2.1 High Resolution Cα-Cα Distance Dependent Force Field
The energy function used in this formulation is a high resolution Cα-Cα distance dependent force field generated using a linear optimization formulation (Rajgaria et al., 2006). The force field is denoted as high resolution because it has been trained on a large set of high resolution decoys (small RMSDs with respect to the native) and it was generated by requiring that the native structure always has a lower energy value than the similar non-native structures. This type of training ensures that the force field will assign a contact energy that would result in a lower energy configuration.

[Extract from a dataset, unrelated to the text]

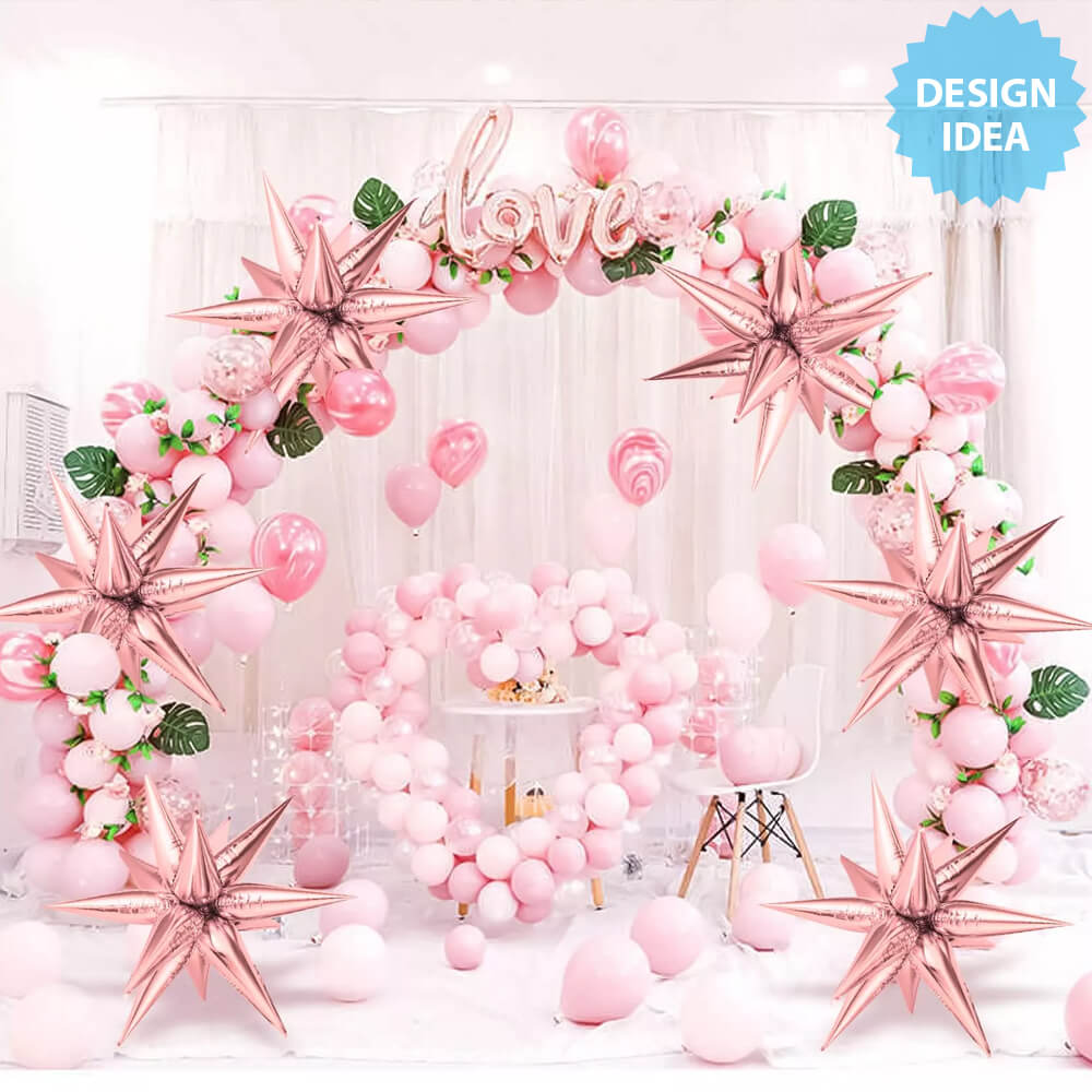 This is a 3D Star-burst - Metallic Light Pink (air-fill Only) 25″ Balloon from Party Brands. UPC: 720053793901 VENDOR: Party Brands

The Cα-Cα high resolution force field (HRFF) is a distance dependent force field and the energy corresponding to an interaction between two residues depends on the “contact” distance between the two Cα atoms. A contact exists when the Cα carbons of two amino acids are within 3 and 9 Å of each other. This contact distance range is divided into 8 bins. Hence, the energy of each interaction is a function of the Cα-Cα distances and the identity of the interacting amino acids. For 20 naturally occurring amino acids, there are 210 amino acid combinations and for 8 distance bins there are 1680 energy parameters. In this model these energy parameters are denoted as Ei,j,b, where i and j are the interacting amino acids and b is the contact distance. The Cα-Cα HRFF is then simply used as a lookup table and the interaction energy between any two amino acids of given identities and distance is a parameter. For more detailed information on force field generation, readers are referred to the original work (Rajgaria et al., 2006).
2.2 Model Formulation
2.2.1 Nomenclature
The following gives a listing of the sets, parameters and binary variables used in this model.
Sets
i, j: set of residue positions
r, s: set of strands
p, q: set of helices
si, sj: set of strand positions
hi, hj: set of helical positions
b: set of distance bins
Parameters
Ei,j,b: energy value for contact between residues i,k in distance bin b
HP (si): hydrophobicity value of strand residue si
N umHP (r): number of hydrophobic residues in strand sr
lenr: length of strand sr
Binary Variables
wi,j,b: contact between residue pair (i, j) in distance bin b
yci,j: contact between residue pair (i, j) in bin 1–8
ysr,s: contact between strand sr and strand ss
ysAPr,s: anti-parallel contact between strand sr and strand ss
ysPr,s: parallel contact between strand sr and strand ss
yhp,q: contact between helix hp and helix hq
A binary variable, wi,j,b is defined for each residue pair and this variable is active only when the pair (i, j) forms a residue contact in the given distance bin b. Although, the definition of a contact is method dependent, in a broad sense a contact is said to exist between a pair of residues/atoms when the spatial distance is below a certain threshold. The definition of a contact can be based on the distance between two Cα atoms, or between two Cβ atoms or may be a combination of both (Fariselli et al., 2001b).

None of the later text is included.